— Куда он подался?
Якоб показал палкой на гору. Даже не оглянувшись на фыркающих лошадей, Жеф садом вышел на широкую расхлябанную дорогу над рекой.
— Испугались, проклятые, — кипел он, жалея, что они не видели, как он собирался вешаться. — Вот крику было бы, руки б ломали от горя.
Жеф шел между вербами, спотыкаясь о корни. Ветки хлестали по лицу, за воротник стекала вода. Выйдя на узкую мокрую просеку, он остановился среди черных широколистых лопухов и сдвинул шапку на затылок. На сердце была жгучая пустота. А ведь он возвращался, полный большой светлой надежды. Нес ее в потных руках, как ребенок игрушку. А теперь эта надежда словно затерялась в высокой болотной траве. И как у ребенка, от обиды и злости у него потекли слезы, застревая в глубоких морщинах на небритых щеках, в уголках рта.

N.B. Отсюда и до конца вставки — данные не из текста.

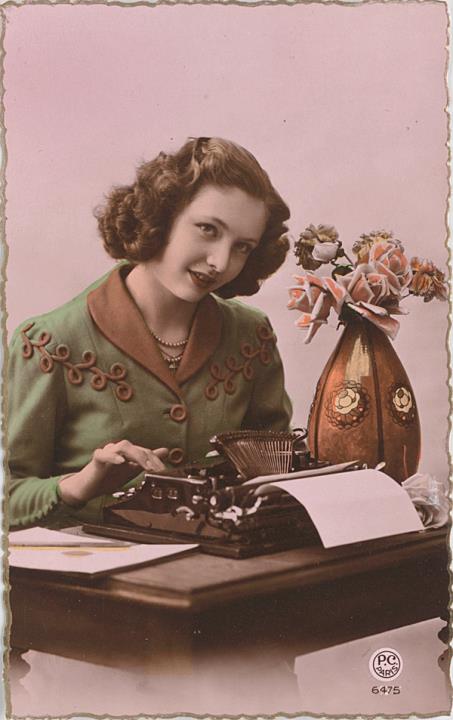Illustrierte Postkarte; Fotografie, koloriert, getönt; Serie PC 6475 Rückseite: Frau mit Schreibmaschine, Blick zum Betrachter, Blumen als Dekoration; Karte mit Goldrand Vorderseite nicht beschrieben
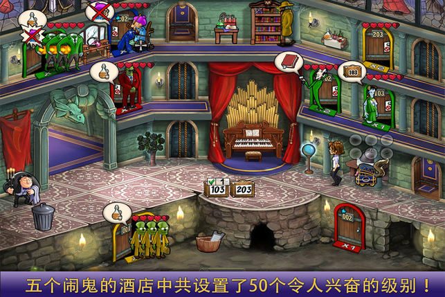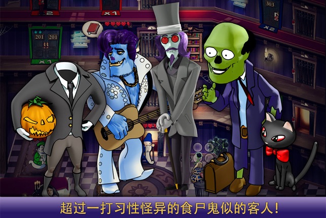 注意! 此版本可能与iPhone 7不兼容! ----------------------------------------- 为万圣节准备的精彩的iPhone游戏!作为一家闹鬼酒店的经理,您负责照顾当晚各个搞笑家伙的需要。设有50个令人忍俊不禁的时间管理乐趣级别,Haunted Domains (鬼域)将让您乐翻天! 指导Sheila Sullivan小姐办理客人的入住登记、晚餐供应、客房清洁和执行特殊任务,让食尸鬼似的客人们满意开心。购买可以让Sheila加快工作的魔力升级,装饰您的酒店以满足客人们令人毛骨悚然的品味需求,并在局面失控的时候争取Igor的帮助。最后,获得收益并恢复没落…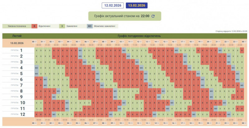 Графік може змінюватися залежно від оперативної ситуації в енергосистемі країни.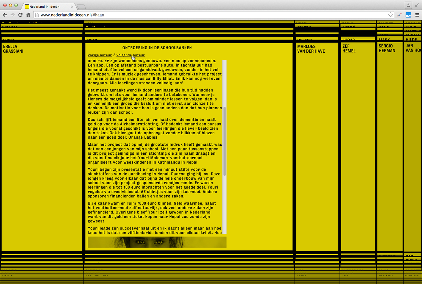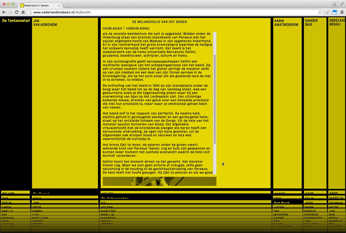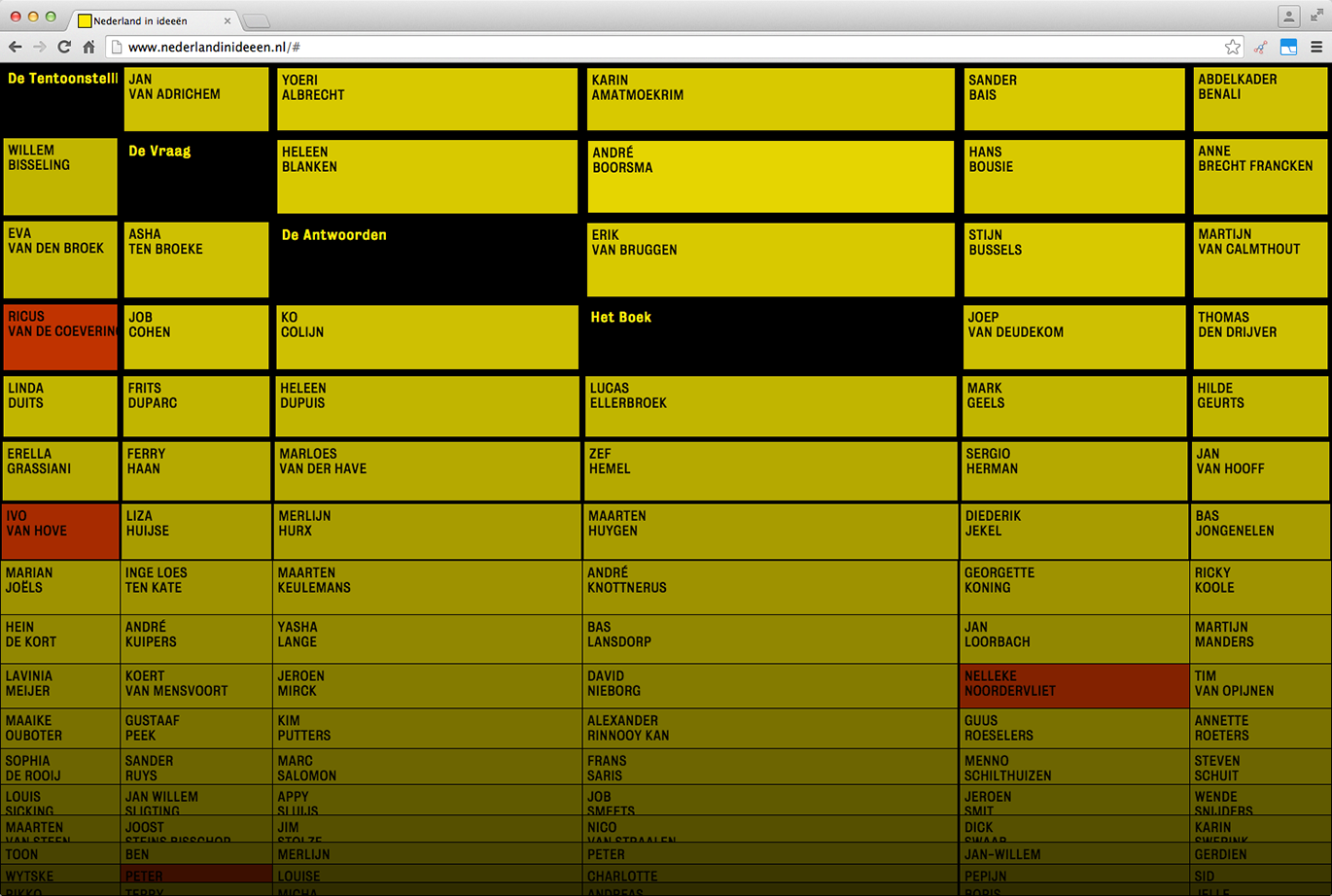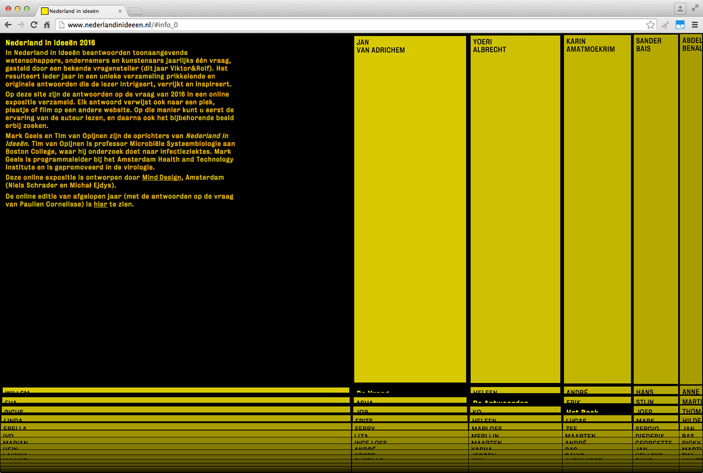 Nederland in ideeën is an online exhibition following the publication of the same name, in which 98 scientists, entrepreneurs and artists share their answer to the question “What is the most beautiful thing you’ve ever seen?”. It offers free access to the entire content of the book and contextualizes the discussed topics through supplementary images and hyperlinks.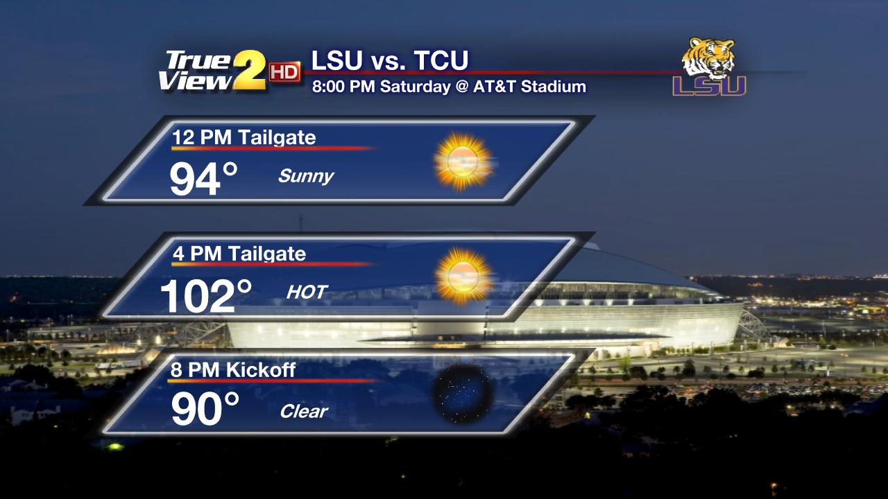 Football Forecast: If you are headed to Dallas for the LSU game this Saturday get ready for a VERY HOT tailgate. It will be mostly sunny with highs in the lower 100s! Fortunately, the game is indoors in Jerry's World, so it will be cool and comfy in there.
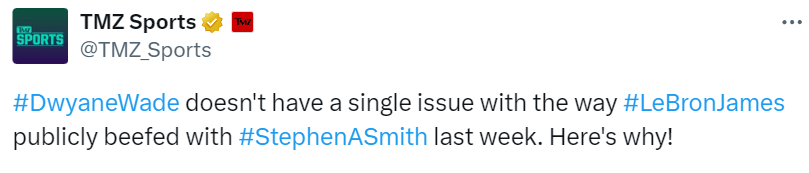 韦德在接受采访时对这一事件发表了个人看法,他坚称自己“喜欢”这两个人,但他坚决支持自己的老队友。韦德透露,冲突后自己还和史密斯谈过话,并对他说:“如果是我,我也会那样走到你面前。” 至于A-史密斯,他似乎也理解了詹姆斯的愤怒,尽管他在事件发生后的第二天在First Take节目中表示,他希望詹姆斯能在更私密的场合与他对峙。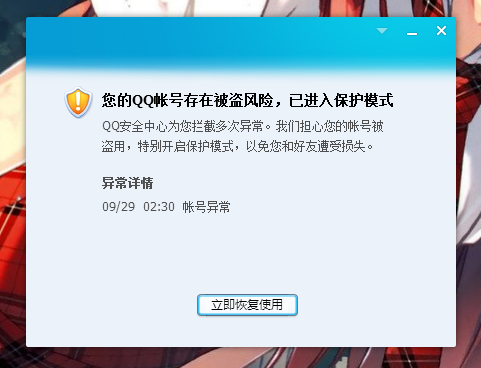 这个星期起,我的 QQ 每天凌晨在电脑上挂机的时候都会因为帐号异常而进入保护模式。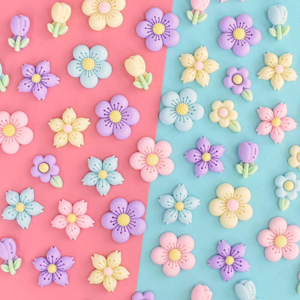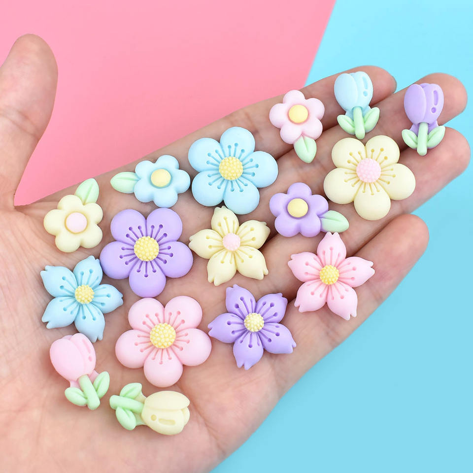 Cabochon en résine coloré style coréen, motif fleur, dos plat, breloque en résine Kawaii pour accessoires capillaires pour enfants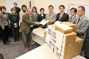 安保破棄中央実行委員会が、沖縄に強行配備された米軍機オスプレイの配備撤回と低空飛行訓練の中止を求める署名の提出集会に、穀田・笠井衆院議員、井上参院議員らとともに出席。約7万2000人分を受けとった。提出した署名は、のベ23万6000人分にのぼった。

Жеф достал из кармана кисет, сунул в рот табак, разжевал, сильно работая зубами, и выплюнул далеко в кусты. Вышел к реке. Река текла, шлифуя огромные камни. От ее мягкого плеска у Жефа заныли ноги. Он вспомнил, что две недели не разувался, уселся и начал стягивать сапоги. Резкий запах пота ударил в нос, пальцы на ногах были разъедены. Жеф медленно опустил ноги в воду. Ночь была светлой. Над гребнем горы тянулась белая дымка, по долине гулял ветерок. «К погоде», — понимающе кивнул он. Ближе к противоположному берегу вода с шумом разбивалась об утес. Где-то в запруде охотилась выдра. Неподалеку в усадьбе пропел петух. Занималось утро.

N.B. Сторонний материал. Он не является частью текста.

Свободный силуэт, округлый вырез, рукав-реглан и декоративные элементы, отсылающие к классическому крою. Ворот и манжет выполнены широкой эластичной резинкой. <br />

Жеф сидел над рекой и жевал табак. Потом натянул сапоги на босые ноги и зашагал в село. Люди уже вставали, из труб поднимался дым. Жеф направился к Цестарю, уселся за стол и, надвинув на глаза шапку, приказал:
— Водки!
Цестарь подошел вразвалку, подтягивая на ходу штаны на круглом животе и заправляя рубашку. Достал деревянную табакерку, ухватил щепоть табаку, положил на тыльную сторону ладони и втянул в нос. Уставившись на Жефа, закричал:
— Те-те-те, пятнадцать петухов, гляди-ка, да это никак ты, куманек Жеф? Когда вернулся? Сегодня? А дома что ж? Нет еще? Перво-наперво ко мне? Еще бы! Те-те-те, пятнадцать петухов, сколько ж мы с тобой не виделись? Ой-ой, а ведь тебя считали пропавшим без вести. Молились за тебя. А я всегда говорил: «Конечно, все в божьей власти, но я верю, вернется». И ты вернулся. Те-те-те, пятнадцать петухов!

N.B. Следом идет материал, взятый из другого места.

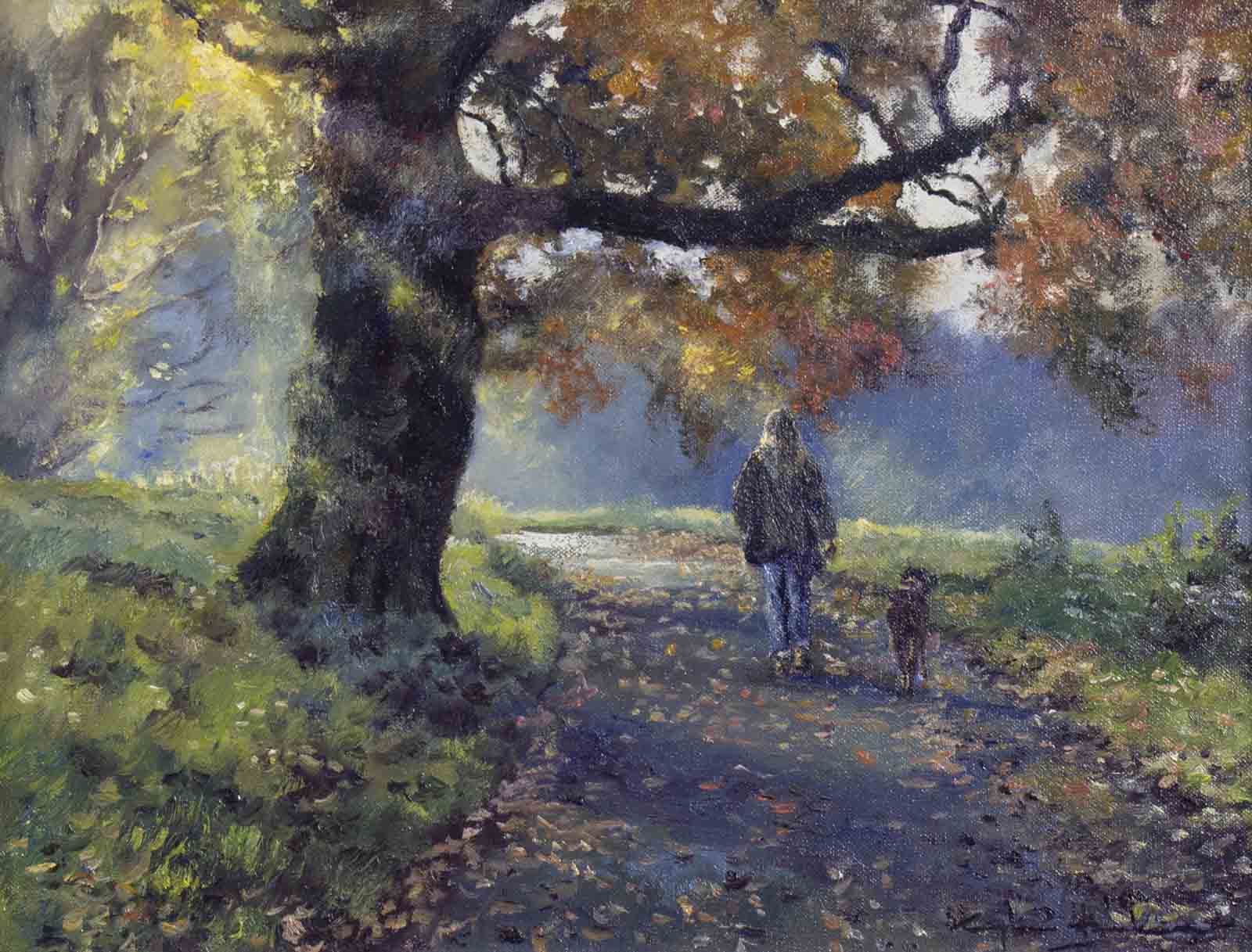 Since moving to Sussex around 20 years ago, Stephen has concentrated on landscapes, mainly of the South Downs and Sussex. These capture the subtle changes of light and shade, throughout the seasons. It is often through the changing light that Stephen captures the most magical moments in his paintings with shards of sunlight piercing the canopy overhead or highlighting one of the figures. The inclusion of sheep, cattle and horses in many of his landscapes helps to convey truthfully the peaceful atmosphere of modern day Downland life.

Жефа трясло от злости. Он прятал руки под стол, чтобы не дать Цестарю в ухо. Он и раньше терпеть его не мог: толстый как бочка, а язык что помело. «Куманек, куманек, пятнадцать петухов». Черт бы его побрал! Жеф молча выпил водку и поставил стакан перед Цестарем.
— Еще!
Цестарь вышел, но вскоре вернулся. Подтянув штаны, насыпал табаку на руку и не спеша втянул в нос.
— Так, говоришь, дома не был? Те-те-те, пятнадцать петухов! — взялся он за свое, громко чихнув. — Нехорошо, нет. Понятно, все мы грешники, все, но бог простит — тело грешно, а душа чиста. И еще, куманек, сам понимаешь, как-никак это Медведевы…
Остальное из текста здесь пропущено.